The 23rd Scripps National Spelling Bee was held in Washington, District of Columbia on Friday, May 26, 1950, sponsored by the E.W. Scripps Company, at the National Press Club auditorium.

The co-winners were 12-year-old Diana Reynard of East Cleveland, Ohio and 14-year-old Colquitt Dean of College Park, Georgia. This was the first time in National Spelling Bee history that the word list was exhausted and co-champions had to be declared. The final word was meticulosity. Each received the first place prize of $500 and a trip to New York. Third place went to Jim Bernhard of Houston, Texas, who missed "haruspex", and received $300.
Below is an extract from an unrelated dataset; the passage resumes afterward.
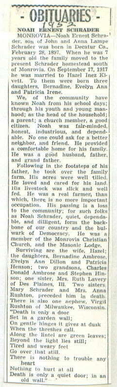 | Survived By | Wife; daughters, Bernadine Ambrose, Evelyn Ann Dillon, and Patricia Henson; nephew, Virgil Rushton; 2 grandsons; sister, Mrs. Ruth Lavery of Des Plaines, Illinois. (2 sisters are deceased, Mary Schrader and Mrs. Anna Rushton.) |

The field of spellers was reduced to Reynard and Dean after 29 rounds, and they both correctly spelled a number of following words. Dean was almost excluded on "ferule" until the judges determined it was a proper spelling. The two continued until the Bee's third and final supplementary word list had been used up. Dean politely refused requests to embrace Reynard for photographers, fearing the reaction it might cause back home to be seen hugging a girl.

There were 50 spellers that year – 31 girls and 19 boys. Audrey Mathews was the first one eliminated for the spelling "supe", but was reinstated after the judges found that it was listed in Webster's dictionary as a variant spelling for the normal "supersede".